5. Standardization of features

This question has been mentioned before, because this is very easy for beginners to ignore the place, so pay attention to the value range of the self-variable feature, the argument is too large or too small will cause the function saturation, can not distinguish between the changes in the argument, and if a too large feature as input, will be prone to this feature in the classification does not play any role in the phenomenon, although we can use a small weight to achieve correction, but this will lead to the difference between the weight of the obvious, also not conducive to learning process convergence, so in order to avoid this situation, it is necessary to carry out the characteristics of standardization, The most common practice is to use the mean and variance to make the feature normalized:


Among them, the mean value, is the variance;

This is true for the example of predicting house prices:




This article refers to the video of the Wunda teacher with the Stanford ML course;



Patterns Recognition (Pattern recognition) Learning notes (31)--Linear regression

Contact Us

The content source of this page is from Internet, which doesn't represent Alibaba Cloud's opinion; products and services mentioned on that page don't have any relationship with Alibaba Cloud. If the content of the page makes you feel confusing, please write us an email, we will handle the problem within 5 days after receiving your email.

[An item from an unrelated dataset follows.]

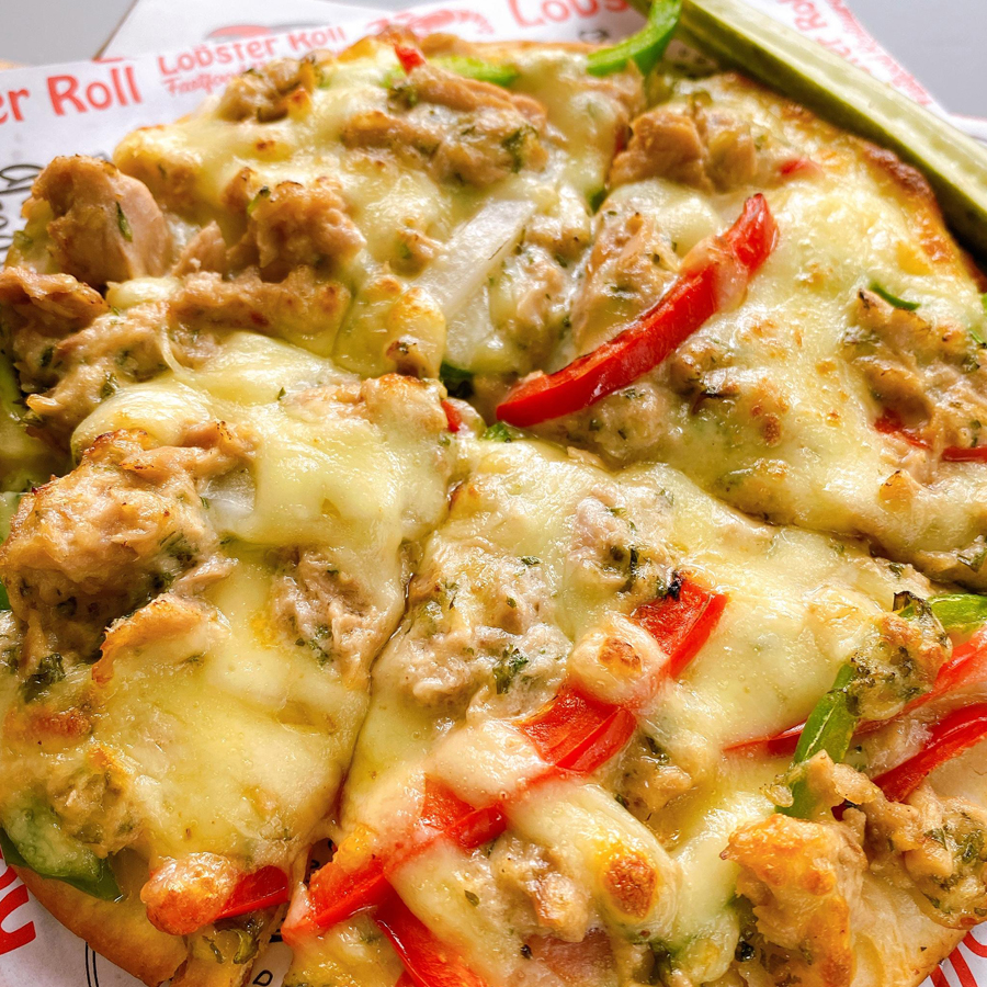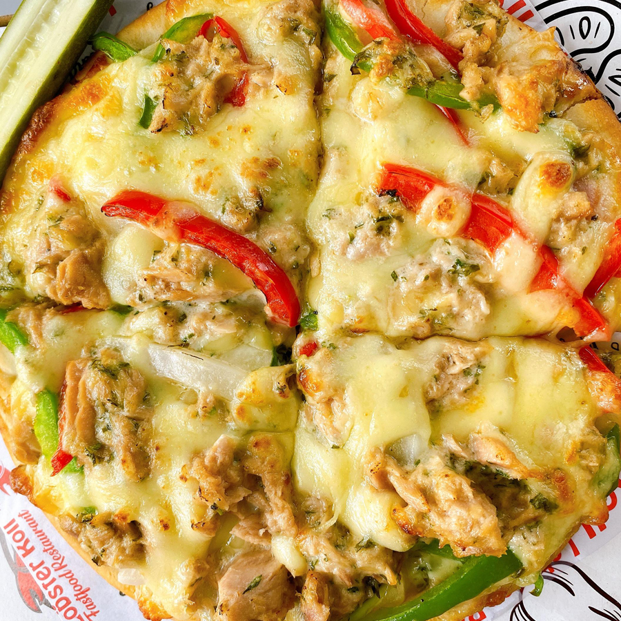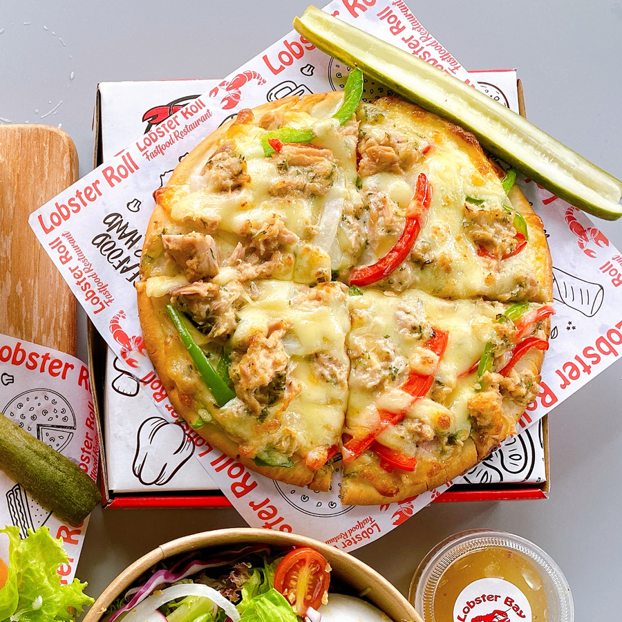 Topping pizza là phần Cá ngừ. Phần Cá Ngừ này rất ngọt, tươi bắt mắt, ngon miệng. Cá ngừ có thịt nạc nhiều, ít chất béo, giàu chất dinh dưỡng và các muối khoáng nên rất ngon và bổ dưỡng. Đặc biệt, trong cá ngừ chứa nhiều axit béo không bão hòa… Ngoài ra, trong cá có hàm lượng vitamin, nhất là vitamin D .Trên cùng của bánh pizza phủ 1 lớp phô mai Mozza tan chảy, thơm béo, đem đến hương vị tuyệt vời cho người thưởng thức.

If you find any instances of plagiarism from the community, please send an email to: info-contact@alibabacloud.com and provide relevant evidence. A staff member will contact you within 5 working days.

A Free Trial That Lets You Build Big!

Start building with 50+ products and up to 12 months usage for Elastic Compute Service

  • Sales Support

    1 on 1 presale consultation

  • After-Sales Support

    24/7 Technical Support 6 Free Tickets per Quarter Faster Response

  • Alibaba Cloud offers highly flexible support services tailored to meet your exact needs.